#### About this task
Reproduce each line of the following material exactly, omitting the images.

#### Available data
____________________

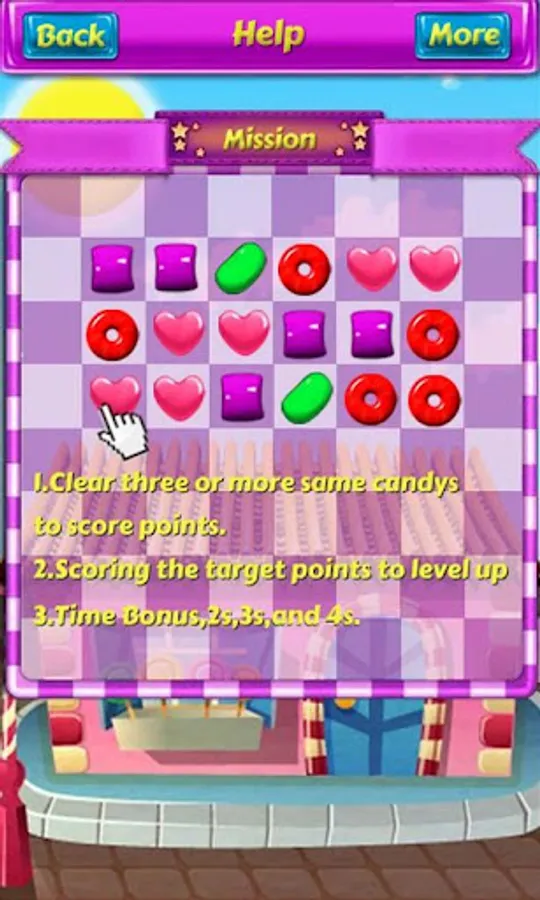 1.Swipe your finger across three or more matching pieces of candy to clear them.
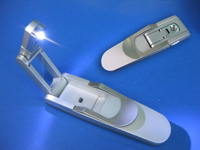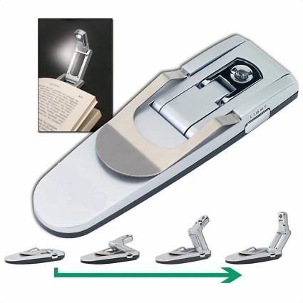 这是一款适合您和您的好朋友`好同学精美的礼品,用的时候一按钮它就自动翻转成一个小台灯,可以夹在书本上,也可以夹在电脑键盘上。不影响身边的人休息。在停电时使用很方便,是爱读书的人士的好伙伴。既实用,又精美大方。不用的的时候,把它再收回如图的片状,携带方便(如UT斯达康小灵通般大小质量)。
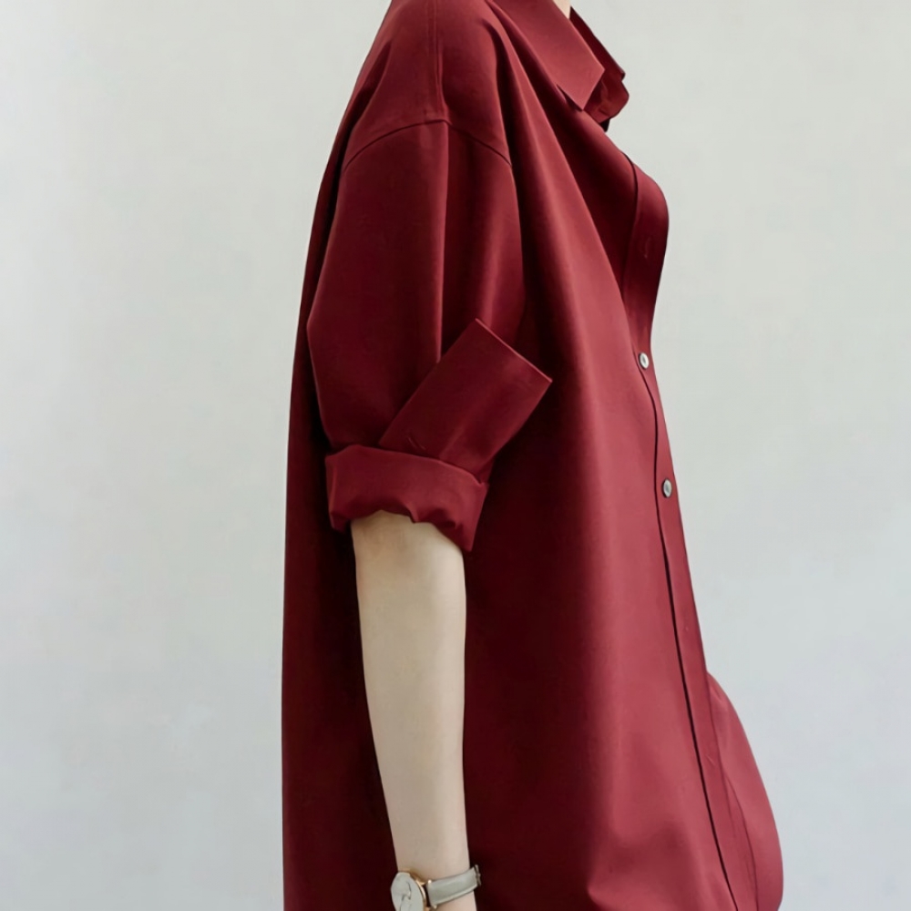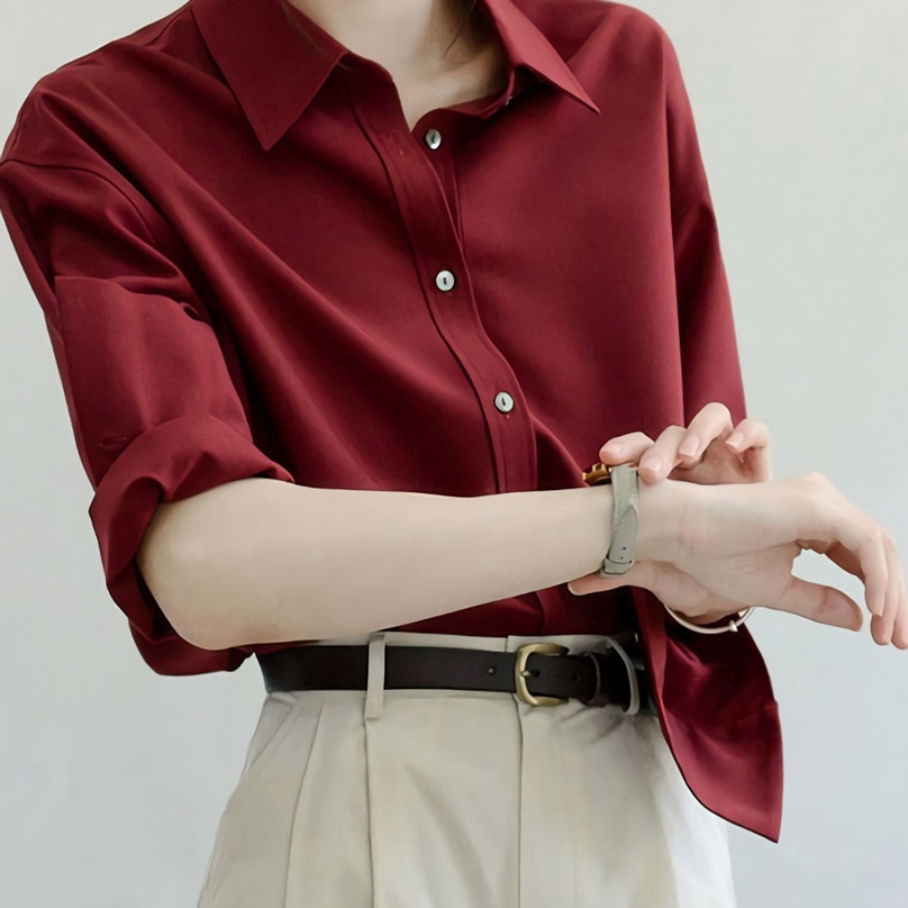 여성 가을 겨울 데일리 새틴 버건디 블라우스
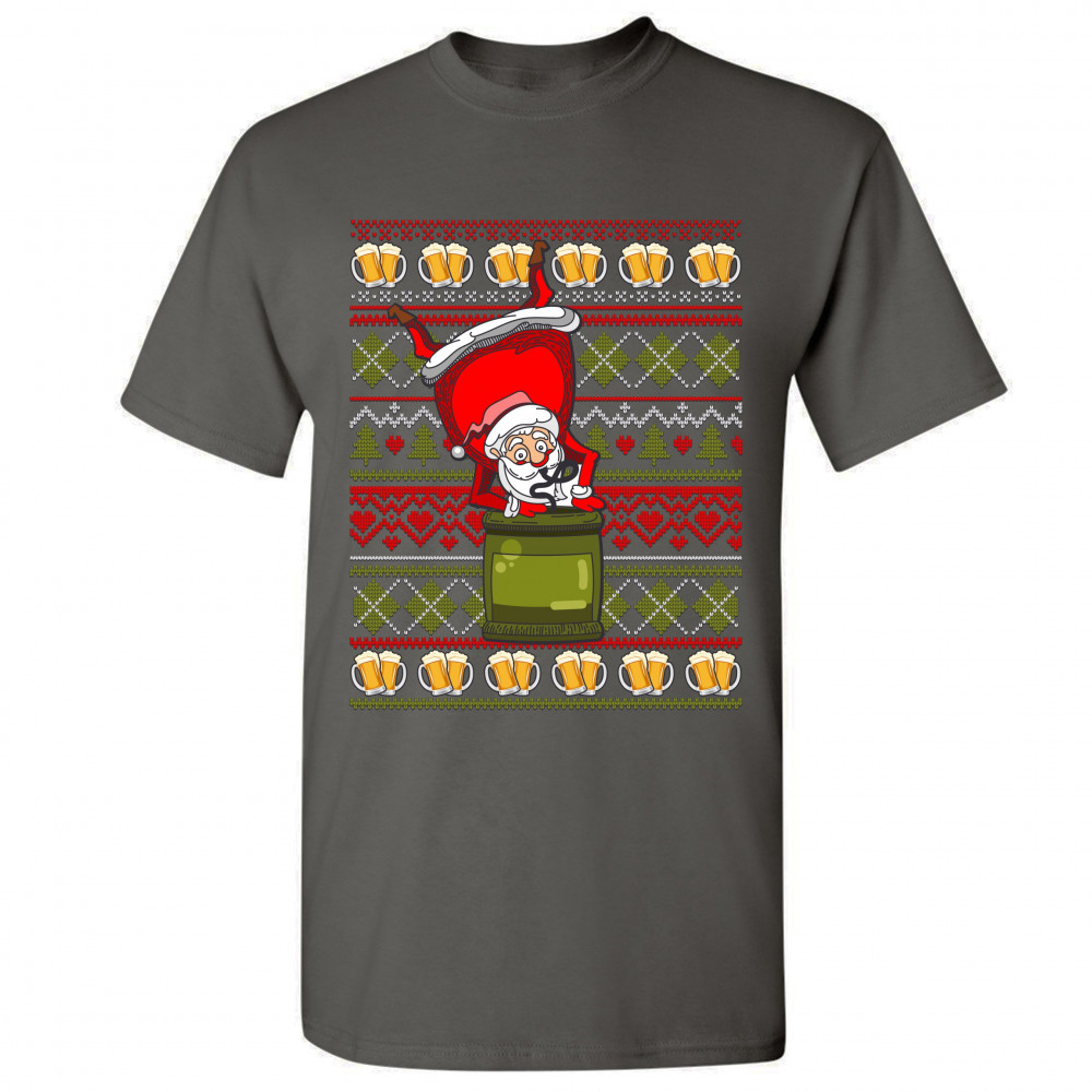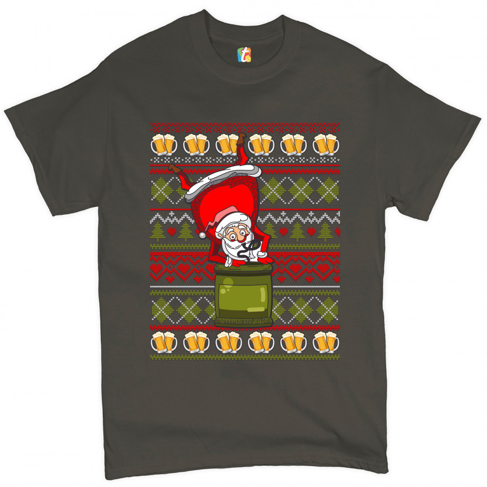 SANTA CLAUS KEG STAND t-shirt christmas ugly sweater beer drinking men's tee charcoal

____________________

#### Reply
 1.Swipe your finger across three or more matching pieces of candy to clear them.
 这是一款适合您和您的好朋友`好同学精美的礼品,用的时候一按钮它就自动翻转成一个小台灯,可以夹在书本上,也可以夹在电脑键盘上。不影响身边的人休息。在停电时使用很方便,是爱读书的人士的好伙伴。既实用,又精美大方。不用的的时候,把它再收回如图的片状,携带方便(如UT斯达康小灵通般大小质量)。
 여성 가을 겨울 데일리 새틴 버건디 블라우스
 SANTA CLAUS KEG STAND t-shirt christmas ugly sweater beer drinking men's tee charcoal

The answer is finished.